"Aku nggak marah, Bas... Beneran. Nggak usah dipikirin banget, pake repot-repot beliin minuman segala. Mending duitnya kamu tabung buat biaya fotocopy materi kuliah atau ngeprint tugas."

"Iya, tapi ini diminum ya, teh. Soalnya sayang udah dibeli, ngantri juga tadi." Abas menggeser gelas ke dekat Ayu.

Ketiga cewek di depannya itu langsung tergelak, "Masa Ayu doang yang dibeliin, gue mana?" Sambar Dhiska.

"Berarti lo harus keseleo dulu, Dhis." Balas Ayu.

Ia mengambil es coklat pemberian Abas dan menyeruputnya sedikit, "Ya udah sana balik aja. Nggak enak diliatin orang-orang. Ini coklatnya aku minum ya."

Abas mengangguk, langsung kembali ke tempat duduknya awal. Dhiska dan Wina hanya menggeleng pelan melihat kelakuan Abas.

---

Semua panitia sudah berkumpul di aula demi menyaksikan pemutaran video audisi band yang akan dinilai dari juri. Penilaian akan dilakukan oleh band dari alumni yang namanya sudah cukup terkenal. Beruntung Ajun mendapat koneksi juri ini secara cuma-cuma, jadi anggaran untuk pengeluaran tidak perlu dihabiskan terlalu banyak untuk audisi band ini.

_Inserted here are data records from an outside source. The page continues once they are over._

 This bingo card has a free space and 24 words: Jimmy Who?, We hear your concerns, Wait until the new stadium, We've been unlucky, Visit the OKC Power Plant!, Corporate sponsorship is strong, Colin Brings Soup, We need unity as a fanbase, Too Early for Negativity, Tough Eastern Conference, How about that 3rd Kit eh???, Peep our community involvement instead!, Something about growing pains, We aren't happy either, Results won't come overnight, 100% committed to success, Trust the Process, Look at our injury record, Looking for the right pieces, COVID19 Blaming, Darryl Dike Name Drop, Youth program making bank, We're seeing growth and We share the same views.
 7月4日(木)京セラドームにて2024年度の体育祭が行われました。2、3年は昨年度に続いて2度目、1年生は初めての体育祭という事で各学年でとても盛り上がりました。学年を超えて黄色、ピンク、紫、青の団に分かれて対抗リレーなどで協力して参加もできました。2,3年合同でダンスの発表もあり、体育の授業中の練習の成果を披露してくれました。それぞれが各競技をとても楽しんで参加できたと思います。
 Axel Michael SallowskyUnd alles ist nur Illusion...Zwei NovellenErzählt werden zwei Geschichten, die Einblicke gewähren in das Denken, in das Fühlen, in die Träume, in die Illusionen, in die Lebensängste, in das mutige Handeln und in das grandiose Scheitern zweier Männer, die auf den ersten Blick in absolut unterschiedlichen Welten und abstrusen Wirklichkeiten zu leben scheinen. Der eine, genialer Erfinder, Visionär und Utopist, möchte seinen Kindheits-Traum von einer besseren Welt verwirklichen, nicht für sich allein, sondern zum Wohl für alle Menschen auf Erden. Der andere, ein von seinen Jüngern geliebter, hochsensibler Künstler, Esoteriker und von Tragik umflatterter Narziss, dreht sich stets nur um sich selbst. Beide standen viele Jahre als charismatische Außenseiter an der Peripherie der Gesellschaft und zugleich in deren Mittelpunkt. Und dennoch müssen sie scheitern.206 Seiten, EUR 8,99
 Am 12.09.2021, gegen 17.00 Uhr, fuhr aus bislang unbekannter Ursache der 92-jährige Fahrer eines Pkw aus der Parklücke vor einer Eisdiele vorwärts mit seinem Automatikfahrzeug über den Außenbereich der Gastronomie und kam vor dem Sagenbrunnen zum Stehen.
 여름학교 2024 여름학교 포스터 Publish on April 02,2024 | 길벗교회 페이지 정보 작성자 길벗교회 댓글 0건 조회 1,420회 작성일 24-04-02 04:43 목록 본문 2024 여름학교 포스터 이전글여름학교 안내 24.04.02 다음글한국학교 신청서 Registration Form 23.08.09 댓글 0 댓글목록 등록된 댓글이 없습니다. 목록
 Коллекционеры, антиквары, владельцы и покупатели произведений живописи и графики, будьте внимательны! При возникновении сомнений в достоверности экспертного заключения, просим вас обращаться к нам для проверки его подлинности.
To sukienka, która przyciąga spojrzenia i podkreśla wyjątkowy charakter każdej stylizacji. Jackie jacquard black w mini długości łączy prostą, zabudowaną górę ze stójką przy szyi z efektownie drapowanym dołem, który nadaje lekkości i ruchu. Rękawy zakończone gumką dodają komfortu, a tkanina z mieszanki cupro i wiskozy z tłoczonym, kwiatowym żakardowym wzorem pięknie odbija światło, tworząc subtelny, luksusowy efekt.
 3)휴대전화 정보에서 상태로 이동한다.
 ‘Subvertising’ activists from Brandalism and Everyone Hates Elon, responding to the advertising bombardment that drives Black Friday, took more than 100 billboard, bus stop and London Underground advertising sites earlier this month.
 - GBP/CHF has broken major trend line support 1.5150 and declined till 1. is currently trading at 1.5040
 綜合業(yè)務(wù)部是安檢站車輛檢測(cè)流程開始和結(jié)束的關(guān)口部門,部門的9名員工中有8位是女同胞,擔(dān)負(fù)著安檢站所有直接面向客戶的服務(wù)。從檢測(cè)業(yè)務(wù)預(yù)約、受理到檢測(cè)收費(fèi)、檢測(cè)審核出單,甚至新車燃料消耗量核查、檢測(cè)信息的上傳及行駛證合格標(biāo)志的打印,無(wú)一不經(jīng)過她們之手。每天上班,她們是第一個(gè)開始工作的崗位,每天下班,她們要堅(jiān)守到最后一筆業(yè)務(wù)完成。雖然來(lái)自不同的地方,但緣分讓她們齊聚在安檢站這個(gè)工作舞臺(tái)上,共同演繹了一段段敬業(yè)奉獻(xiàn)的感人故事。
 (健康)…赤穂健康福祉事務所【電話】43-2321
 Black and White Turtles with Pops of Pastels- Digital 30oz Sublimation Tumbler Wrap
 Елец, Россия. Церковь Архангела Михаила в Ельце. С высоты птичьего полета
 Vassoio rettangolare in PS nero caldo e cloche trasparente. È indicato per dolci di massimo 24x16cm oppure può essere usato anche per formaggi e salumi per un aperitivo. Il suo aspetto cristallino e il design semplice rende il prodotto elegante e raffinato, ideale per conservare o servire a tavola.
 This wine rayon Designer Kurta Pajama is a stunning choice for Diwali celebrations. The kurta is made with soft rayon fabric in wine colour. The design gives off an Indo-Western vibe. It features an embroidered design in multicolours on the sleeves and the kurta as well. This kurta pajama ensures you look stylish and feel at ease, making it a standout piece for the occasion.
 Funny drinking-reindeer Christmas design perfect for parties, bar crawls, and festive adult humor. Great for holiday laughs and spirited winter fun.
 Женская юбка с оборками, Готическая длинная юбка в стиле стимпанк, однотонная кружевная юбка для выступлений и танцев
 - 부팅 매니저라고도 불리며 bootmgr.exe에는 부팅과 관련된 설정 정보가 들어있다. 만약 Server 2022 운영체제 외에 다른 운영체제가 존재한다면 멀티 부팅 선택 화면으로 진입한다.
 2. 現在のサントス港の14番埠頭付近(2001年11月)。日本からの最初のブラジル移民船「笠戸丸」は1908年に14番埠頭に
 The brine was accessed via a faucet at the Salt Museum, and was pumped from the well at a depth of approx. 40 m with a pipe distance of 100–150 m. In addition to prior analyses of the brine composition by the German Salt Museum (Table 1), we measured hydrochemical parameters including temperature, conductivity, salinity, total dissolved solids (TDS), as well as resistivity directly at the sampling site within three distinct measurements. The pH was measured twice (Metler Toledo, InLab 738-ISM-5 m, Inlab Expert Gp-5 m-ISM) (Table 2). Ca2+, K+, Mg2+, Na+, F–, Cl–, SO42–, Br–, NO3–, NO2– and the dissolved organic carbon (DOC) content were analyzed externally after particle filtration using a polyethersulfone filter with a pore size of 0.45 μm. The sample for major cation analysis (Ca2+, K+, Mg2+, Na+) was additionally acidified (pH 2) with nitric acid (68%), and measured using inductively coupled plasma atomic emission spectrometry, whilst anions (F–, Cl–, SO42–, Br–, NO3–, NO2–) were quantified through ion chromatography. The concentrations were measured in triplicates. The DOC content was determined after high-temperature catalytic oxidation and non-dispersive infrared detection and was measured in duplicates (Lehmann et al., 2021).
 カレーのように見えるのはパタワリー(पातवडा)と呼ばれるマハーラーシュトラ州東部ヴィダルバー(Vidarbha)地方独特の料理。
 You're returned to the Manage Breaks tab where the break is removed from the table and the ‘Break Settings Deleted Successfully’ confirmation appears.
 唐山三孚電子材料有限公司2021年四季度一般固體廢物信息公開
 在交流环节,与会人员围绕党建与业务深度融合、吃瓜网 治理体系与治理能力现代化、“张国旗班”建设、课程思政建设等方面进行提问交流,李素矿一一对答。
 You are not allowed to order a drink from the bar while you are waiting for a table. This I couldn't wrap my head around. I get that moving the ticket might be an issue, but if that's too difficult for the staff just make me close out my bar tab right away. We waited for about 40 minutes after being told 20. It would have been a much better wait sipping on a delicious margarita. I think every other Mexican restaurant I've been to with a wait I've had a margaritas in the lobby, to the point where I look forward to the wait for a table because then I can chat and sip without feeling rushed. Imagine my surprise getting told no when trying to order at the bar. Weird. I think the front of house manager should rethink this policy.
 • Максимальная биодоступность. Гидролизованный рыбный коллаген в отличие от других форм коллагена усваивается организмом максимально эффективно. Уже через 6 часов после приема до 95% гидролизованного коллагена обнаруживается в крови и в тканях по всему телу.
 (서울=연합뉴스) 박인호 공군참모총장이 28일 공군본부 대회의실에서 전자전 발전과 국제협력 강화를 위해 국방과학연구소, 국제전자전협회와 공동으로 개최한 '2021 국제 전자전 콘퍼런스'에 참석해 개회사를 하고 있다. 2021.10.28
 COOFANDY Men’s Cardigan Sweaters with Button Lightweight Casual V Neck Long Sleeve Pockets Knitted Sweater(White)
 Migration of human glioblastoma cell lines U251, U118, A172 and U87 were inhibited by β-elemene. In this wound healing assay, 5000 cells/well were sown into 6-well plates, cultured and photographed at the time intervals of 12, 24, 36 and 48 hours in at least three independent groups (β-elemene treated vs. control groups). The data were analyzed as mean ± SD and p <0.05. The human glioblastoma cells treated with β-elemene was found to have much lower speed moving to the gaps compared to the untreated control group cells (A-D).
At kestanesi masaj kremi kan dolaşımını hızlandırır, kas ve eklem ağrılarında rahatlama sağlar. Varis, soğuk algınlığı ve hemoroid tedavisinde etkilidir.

Disaat yang lain sibuk bersorak karena tidak sabar, Ayu masih harus membereskan meja-meja yang ia geser, dibantu oleh Abas dan Dhiska.

Abas sudah menurunkan layar proyektor dan menyalakan infocus di depan. Dhiska membereskan kursi-kursi dan Ayu bertugas menggeser meja. Wina sudah membuka acara dan semua bertepuk tangan ketika penampilan pembuka dari video sudah dimulai.

Para panitia bertepuk tangan begitu mereka menyaksikan band yang menjadi jagoan dan ikut bernyanyi ketika lagu yang dibawakan lagu yang cukup terkenal.

Ayu menyenderkan punggungnya di pintu, mengipas lehernya yang bercucuran keringat dengan tangan. Menggeser meja membuat ia kelelahan dan kehabisan tenaga. Dhiska dan Abas bergabung dengan Ayu, mereka juga nggak kalah capeknya, bahkan nafas mereka yang terengah-engah terdengar begitu jelas.

"Ini udah penampilan ke berapa sih?" Tanya Dhiska dengan nafasnya yang terputus-putus.

"Nggak tahu teh." Timpal Abas, ia sibuk mengusap keringat dengan lengan kausnya.

"Lo mau liat Brian nggak, Yu?" Dhiska menoleh ke arah Ayu yang terlihat sudah nggak bertenaga.

"Pengen... Tapi penuh banget di depan. Liat dari sini aja deh."

Tangan Ayu menepuk pipinya yang mulai basah karena keringat, rambutnya yang tadinya sudah rapi ia ikat kembali berantakan lagi.

"Bas, kenapa pada ngos-ngosan begini?" Ajun tiba-tiba datang dari luar, disusul Aga dan Haidar yang juga ikut masuk.

"Jun, maneh teh kamana wae? Tah tingali, aing ngabereskeun meja jeung kursi sareng teh Ayu sama teh Dhiska, kasian atuh ini awewe disuruh geser yang berat-berat." Balas Abas.
*Lo tuh kemana aja? Tuh liat, gue ngeberesin meja sama kursi bareng teh Ayu sama teh Dhiska, kasian atuh ini cewek disuruh geser yang berat-berat.

"Oh, iya... sorry banget gue tadi harus ke ruang pembina. Sorry banget mbak Ayu sama mbak Dhiska."

Ayu dan Dhiska langsung merosot terduduk di bawah karena terlalu lelah. Mereka sudah nggak sanggup lagi menonton pemutaran video audisi band, keempat mata itu menatap punggung orang-orang dengan pikiran kosong. Yang Ayu pikirkan hanya, ia lapar dan haus, butuh angin segar juga. Saking banyaknya orang di ruangan membuat hawa semakin pengap.

"Selanjutnya, pemutaran video band dari Enam Hari!" Wina membawakan acara dengan semangat, "Nah Enam Hari ini band yang semua anggotanya berasal dari UNPAF, kampus kita sendiri, band mereka baru dibentuk dua bulan yang lalu, dengan anggota Jefan, Satria, Kaffa, Brian, dan Wildan."